The major finding of our study showed that serum level of HO-1 was higher in patients with stroke than TIA, and serum level of both total and direct bilirubin was lower in patients with stroke than TIA. The underlying pathophysiological role has not been understood and requires further investigation. Regarding the level of human serum HO-1 with cardiovascular disorder, Idriss et al. (18) reported that HO-1 is raised in stable coronary artery disease and acute coronary artery syndromes. To the best of our knowledge, no data are available for the distribution of human HO-1 in literature, and this is the first paper to report the association of HO-1 level with the risk of stroke.

Tenhunen and coworkers (4) were the first to report on the presence of HO in liver microsomes capable of degrading heme to bilirubin, and this activity was subsequently dissociated from cytochrome P-450 (5-7,9). Three isoenzymes of HO-1 have been found, HO-2 and HO-3 are constitutively expressed isoforms, HO-1 is induced in most cells, oxidative conditions, heme, cytokines and NO donors can induce HO-1 gene expression (5). HO-1 catalyzes the rate-limiting step in the heme catabolism, forming CO, iron, and biliverdin that is subsequently reduced to bilirubin (1,2). In our study, we found that the HO-1 level was higher in stroke group than TIA group, but the total and direct bilirubin level were lower in stroke group than TIA group. High level of HO-1 can be explained that stroke patients have been exposed to a high degree of oxidative stress such as atherosclerosis, infection, hypertension, which leads to an upregulation of HO-1.

Morsi et al. (19) reported that HO-1 expression and its activity in human endothelia cells are present only in advanced atherosclerosis and the degree of its expression increases with severity of atherosclerosis. Expressed HO-1 in atherosclerotic lesions can ameliorate oxidative stress and inhibit inflammatory processes in the vessel wall (1).

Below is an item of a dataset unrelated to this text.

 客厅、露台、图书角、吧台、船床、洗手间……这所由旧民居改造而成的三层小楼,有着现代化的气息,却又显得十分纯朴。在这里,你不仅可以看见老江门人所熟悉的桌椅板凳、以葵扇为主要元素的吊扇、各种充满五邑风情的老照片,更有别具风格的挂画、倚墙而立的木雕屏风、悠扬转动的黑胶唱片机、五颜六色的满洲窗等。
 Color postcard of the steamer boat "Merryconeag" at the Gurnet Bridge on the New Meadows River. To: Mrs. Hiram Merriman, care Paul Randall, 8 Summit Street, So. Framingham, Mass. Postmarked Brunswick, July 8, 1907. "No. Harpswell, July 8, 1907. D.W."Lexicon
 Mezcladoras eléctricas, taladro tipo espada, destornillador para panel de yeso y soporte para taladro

The leukocyte mRNA expression of HO-1 is reported to be associated with the severity of coronary heart disease (20). HO-1 level may reflect the general status of patients’ oxidative stress. Serum bilirubin might have some protective function against risk of stroke in men (21).

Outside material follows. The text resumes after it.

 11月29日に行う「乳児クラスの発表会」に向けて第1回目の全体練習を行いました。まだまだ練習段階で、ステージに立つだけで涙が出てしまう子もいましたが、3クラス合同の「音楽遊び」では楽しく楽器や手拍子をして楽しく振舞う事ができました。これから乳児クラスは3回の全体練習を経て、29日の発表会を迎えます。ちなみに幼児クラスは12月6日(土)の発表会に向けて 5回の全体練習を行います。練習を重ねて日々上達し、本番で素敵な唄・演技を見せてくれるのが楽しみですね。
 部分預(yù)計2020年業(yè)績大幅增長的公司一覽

Numerous studies showed that there is a reverse relationship of bilirubin level with incidence of strokes (2,6-9), which is true in our study, the bilirubin level in stroke patients was lower than TIA patients. However, high serum level of HO-1 in stroke patients in our group were expected to catalyze heme and produce high level of bilirubin theoretically, but surprisingly, the results of serum level of bilirubin was lower, the controversial relationships of HO-1 and bilirubin with the risk of stroke have not been completely understood, and require further study. At least, the activity of HO-1 may not be linearly related to the formation of bilirubin; another reason may be the upregulated HO-1 enzyme may not be fully activated.

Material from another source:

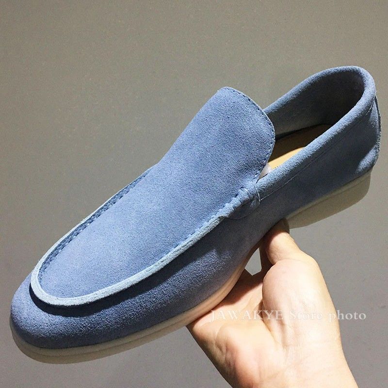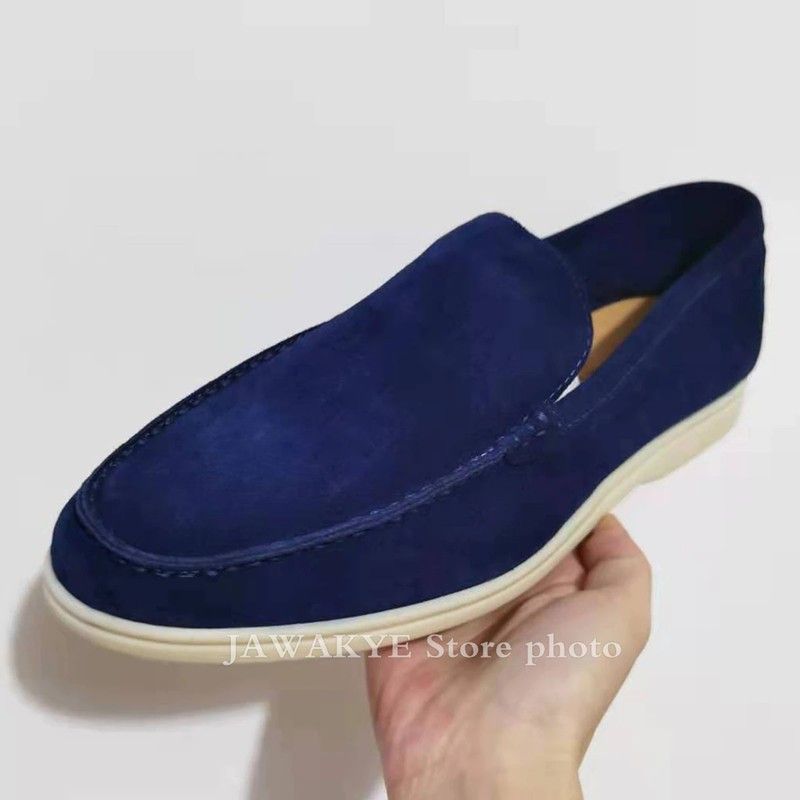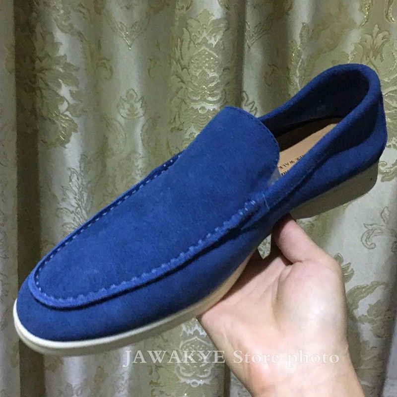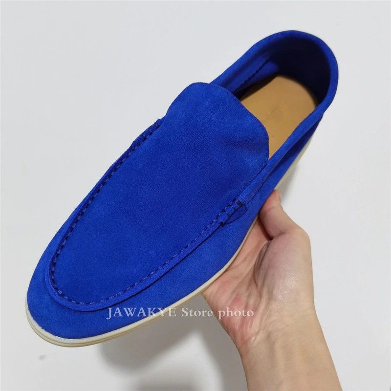 Mannen Kidsuede Lederen Loafers Comfortabele Business Schoenen Voor Mannen Koningsblauw Heren Rijden Schoenen Platte Hak Rubberen Zool Schoenen

Stroke can be caused by ruptured unstable carotid plaques (11), or thrombosis formation in cerebral arteries. It is reported that approximately 70% of the patients with stroke are cerebral infarction, 15% were hemorrhagic stroke and 15% were TIA (22). Patients with TIA may fully progress into stroke (22). Oxidative stress such as infection induces more circulating neutrophils and macrophages in blood, produces more inducible cytokines and activates HO-1 activity, moreover, immune responses to infection contribute significantly to the formation of atherogenesis. Blood circulation in small atherosclerotic arteries becomes slower especially on condition of low systemic blood pressure and or dehydration, and thereby causes the ischemic stroke.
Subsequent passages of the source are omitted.